◆ RAW DATA:
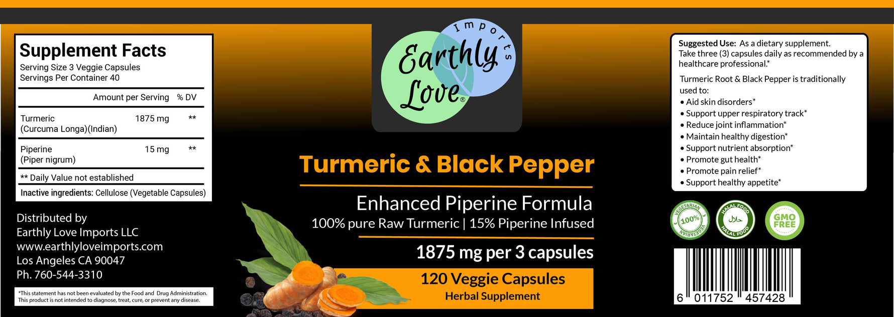 Turmeric (Curcuma longa) has been treasured in India and across Asia for centuries, valued in both kitchens and herbal traditions for its golden color and deep cultural significance. When paired with Black Pepper (Piper nigrum), its legacy of balance and vitality is carried forward in a timeless combination. Earthly Love® brings this heritage into clean, vegetarian capsules—crafted with integrity to honor tradition while fitting seamlessly into modern daily routines.
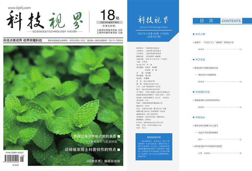 《科技視界》雜志是一本面向科技愛(ài)好者和從事科技行業(yè)的人士的綜合性科技類期刊。本雜志由一支經(jīng)驗(yàn)豐富的編輯團(tuán)隊(duì)和行業(yè)專家組成,致力于傳播最新的科技資訊、發(fā)展趨勢(shì)和科技應(yīng)用的前沿知識(shí)。該雜志致力于成為讀者在科技領(lǐng)域中的指南和啟發(fā),為他們提供最新的科技動(dòng)態(tài)、深度的報(bào)道和專業(yè)的解讀,通過(guò)傳播科技的力量,推動(dòng)社會(huì)的進(jìn)步和創(chuàng)新的發(fā)展。無(wú)論是對(duì)科技感興趣的個(gè)人還是從事科技行業(yè)的專業(yè)人士,都可以從該雜志中獲取到有價(jià)值的信息和思考。
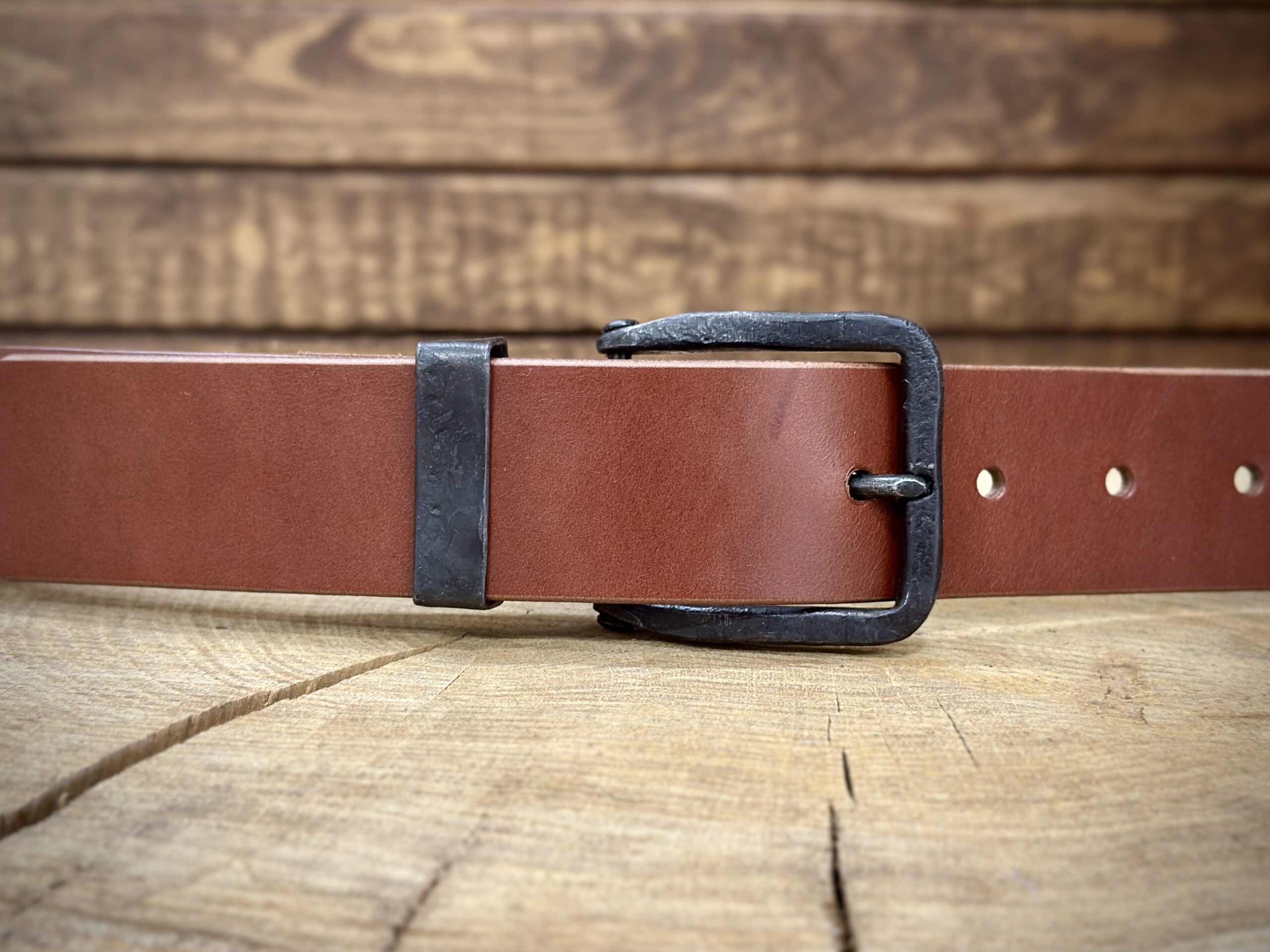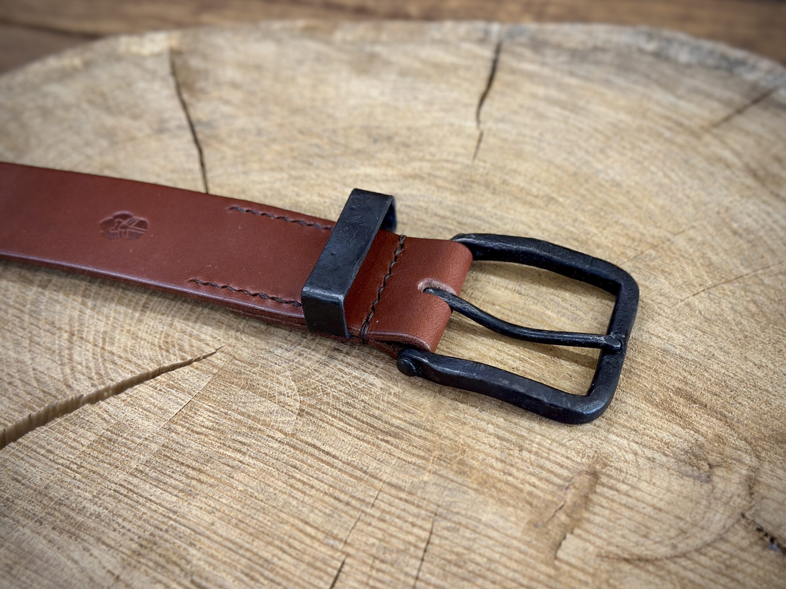 Męski pasek skórzany z kutą sprzączką 40mm "Hefajstos"

◆ PROBLEM DESCRIPTION:
The required output is the listing above reproduced exactly, pictures removed.

◆ FINAL ANSWER:
 Turmeric (Curcuma longa) has been treasured in India and across Asia for centuries, valued in both kitchens and herbal traditions for its golden color and deep cultural significance. When paired with Black Pepper (Piper nigrum), its legacy of balance and vitality is carried forward in a timeless combination. Earthly Love® brings this heritage into clean, vegetarian capsules—crafted with integrity to honor tradition while fitting seamlessly into modern daily routines.
 《科技視界》雜志是一本面向科技愛(ài)好者和從事科技行業(yè)的人士的綜合性科技類期刊。本雜志由一支經(jīng)驗(yàn)豐富的編輯團(tuán)隊(duì)和行業(yè)專家組成,致力于傳播最新的科技資訊、發(fā)展趨勢(shì)和科技應(yīng)用的前沿知識(shí)。該雜志致力于成為讀者在科技領(lǐng)域中的指南和啟發(fā),為他們提供最新的科技動(dòng)態(tài)、深度的報(bào)道和專業(yè)的解讀,通過(guò)傳播科技的力量,推動(dòng)社會(huì)的進(jìn)步和創(chuàng)新的發(fā)展。無(wú)論是對(duì)科技感興趣的個(gè)人還是從事科技行業(yè)的專業(yè)人士,都可以從該雜志中獲取到有價(jià)值的信息和思考。
 Męski pasek skórzany z kutą sprzączką 40mm "Hefajstos"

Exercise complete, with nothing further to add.